• Exercise instructions:
Once you reach the line with "Necklace with a" below, copy each line exactly, stopping after the line with "ダイヤモンドローズボックスは", and skip any pictures.

Data extracted from a collection
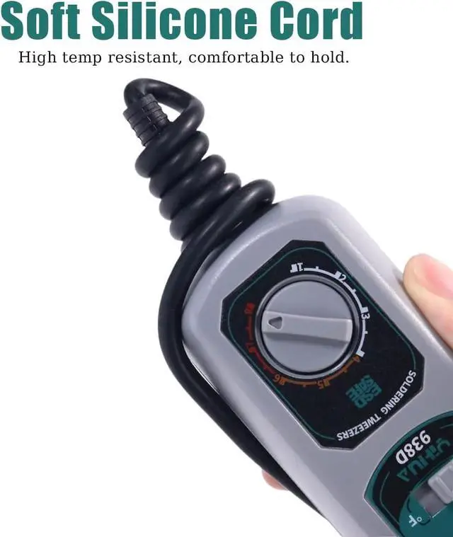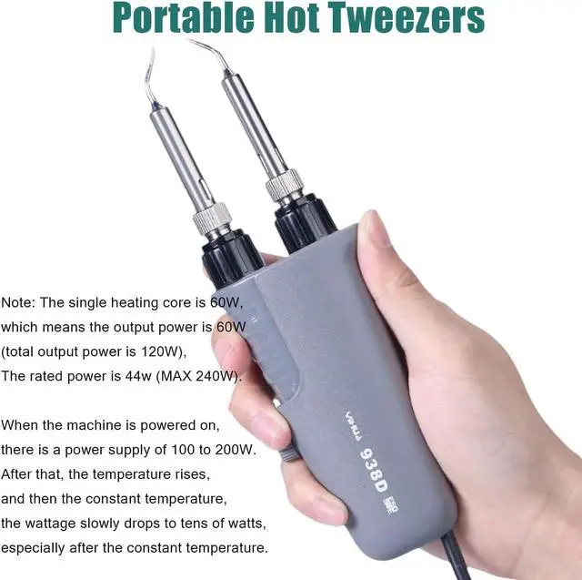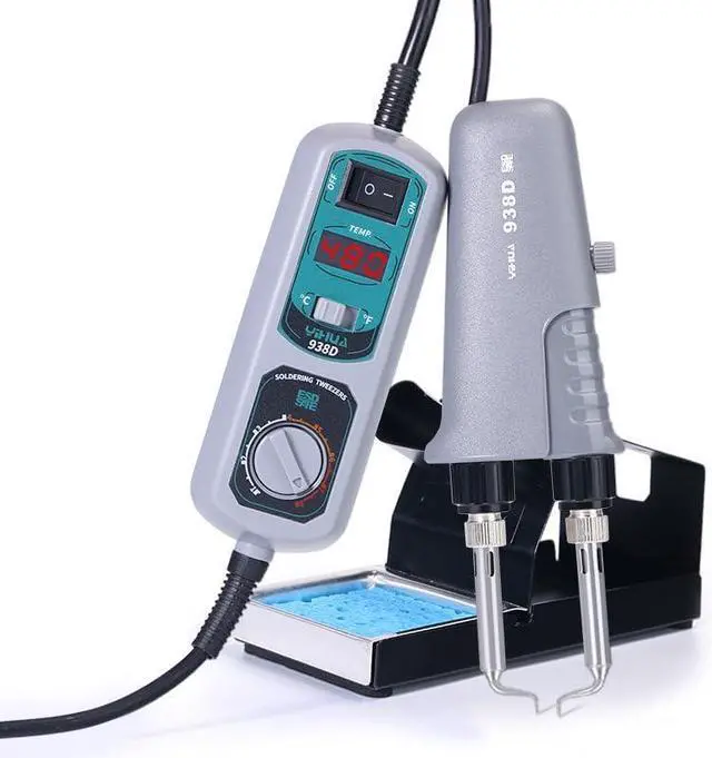 The 938D Mini Soldering Tweezers Station is engineered for professionals and hobbyists who need precise, efficient SMD soldering and desoldering. Featuring dual parallel heated tips, this 60W tool delivers fast and even heating, making it perfect for removing chip components, ICs, and other delicate surface-mount parts. Equipped with a PID temperature control system, it maintains a consistent temperature range of 200°C to 480°C (392°F896°F), ensuring stable operation during long repair sessions. The clear LCD display with switchable °C/°F units allows for easy monitoring, and the auto-sleep function helps conserve energy and protect the heating elements.
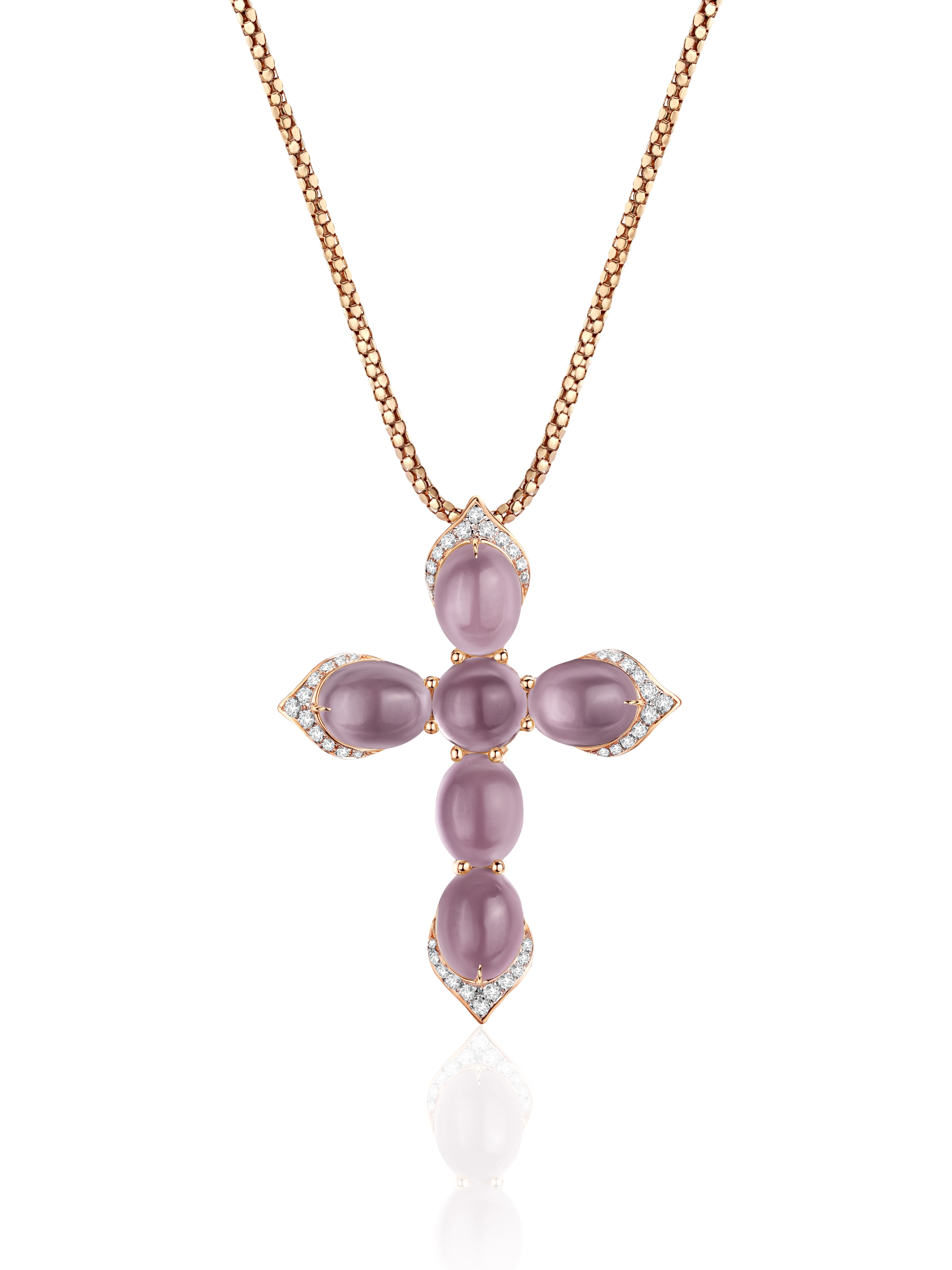 Necklace with a cross-shaped pendant with 6 round amethysts 13.41 ct and 44 round diamonds 0.39 ct.
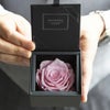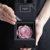ダイヤモンドローズボックスは、すべてフランス・パリ製の最高級ローズパフュームリボンで包装されています。到着した瞬間、上質なローズの香りが漂い、アイテムへの期待感を演出します。このリボンには生地にローズパフュームがマイクロカプセルで埋め込まれており、一年以上の長期にわたり、ローズの香りを放ち続けます(香りが弱まった場合は、摩擦により復活します)。
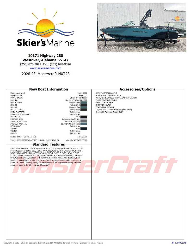 Skier's Marine is an award-winning ski boat, pontoon boat, and runabout sport boat dealer for brands like MasterCraft, Supra, Moomba, Chaparral, Harris, Premier, and Boston Whaler. We are not responsible for any pricing, options, specifications, or other listing errors on our site. Please contact us to confirm all details.
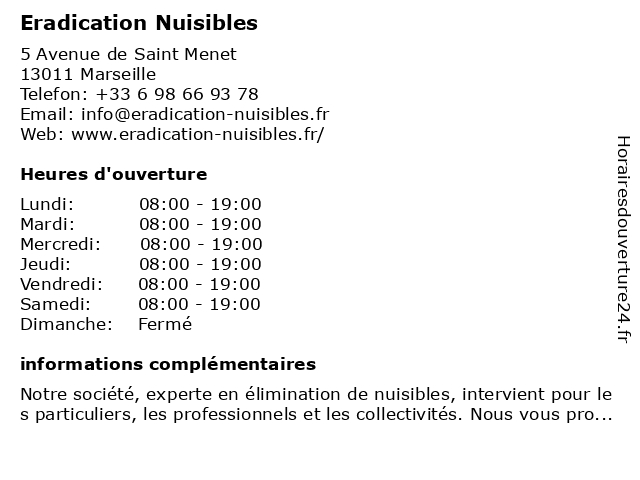 2 Sud Nuisibles Hygiène et Services (Distance: 4,74 km) 23 Avenue William Booth, 13011 Marseille et, hygiène, nuisibles, services, sud 4 Attrap 13 Nuisibles (Distance: 7,54 km) 33 Rue Frédéric Joliot Curie, 13013 Marseille 13, antiparasitaire, attrap, detection, extermination, lutte, nuisibles, stérilisation 6 NGAN MARSEILLE ET VAR - Entreprise Anti-Nuisibles (Distance: 8,49 km) 128 Boulevard de la Libération, 13004 Marseille anti, entreprise, et, marseille, ngan, nuisibles, var |
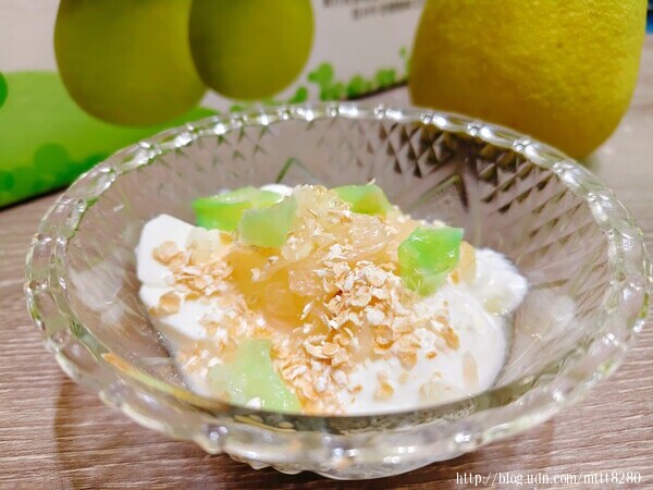 又另外買了優格,將剩下的柚子肉,以及家裡的麥片灑上去,上面綠綠的是芒果青,這樣吃起來感覺無負擔。看起來很養生~~
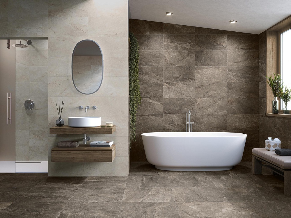 Элементы коллекции Wells имеют один вид поверхности – матовую – и предлагаются в одном формате: 60×120 см, который имеет фактуру камня. Керамогранит из коллекции Wells может быть использован для ванной, для гостиной, для коридора, для кухни, для пола и для стен.
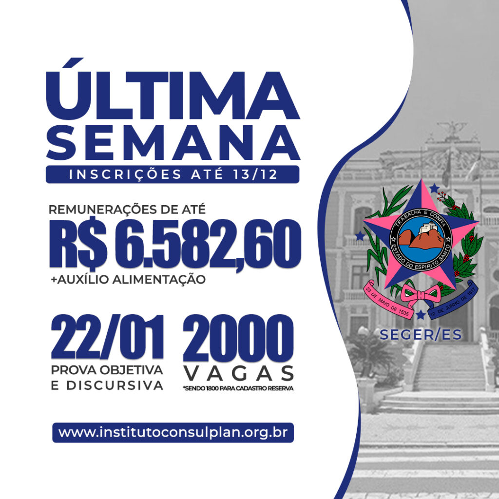 Inscrições para concurso do Governo do ES entram na última semana; salário passa de R$ 6 mil
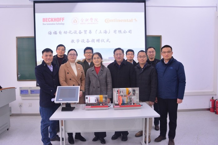 11月27日下午,倍福自动化设备贸易(上海)有限公司教学设备捐赠仪式在我校40栋会议室举行。副校长、安徽中德教育合作基金会(以下简称基金会)理事长陈秀出席捐赠仪式,倍福自动化设备贸易(上海)有限公司代表张洪彪、葛长响,大陆马牌公司代表汪鑫,校计划财务处处长、基金会秘书长何世昆以及中德教育合作示范基地(基金)管理办公室主任刘金平等参加了捐赠仪式。仪式由先进制造工程学院院长吕刚主持。

• Final answer:
 Necklace with a cross-shaped pendant with 6 round amethysts 13.41 ct and 44 round diamonds 0.39 ct.
ダイヤモンドローズボックスは、すべてフランス・パリ製の最高級ローズパフュームリボンで包装されています。到着した瞬間、上質なローズの香りが漂い、アイテムへの期待感を演出します。このリボンには生地にローズパフュームがマイクロカプセルで埋め込まれており、一年以上の長期にわたり、ローズの香りを放ち続けます(香りが弱まった場合は、摩擦により復活します)。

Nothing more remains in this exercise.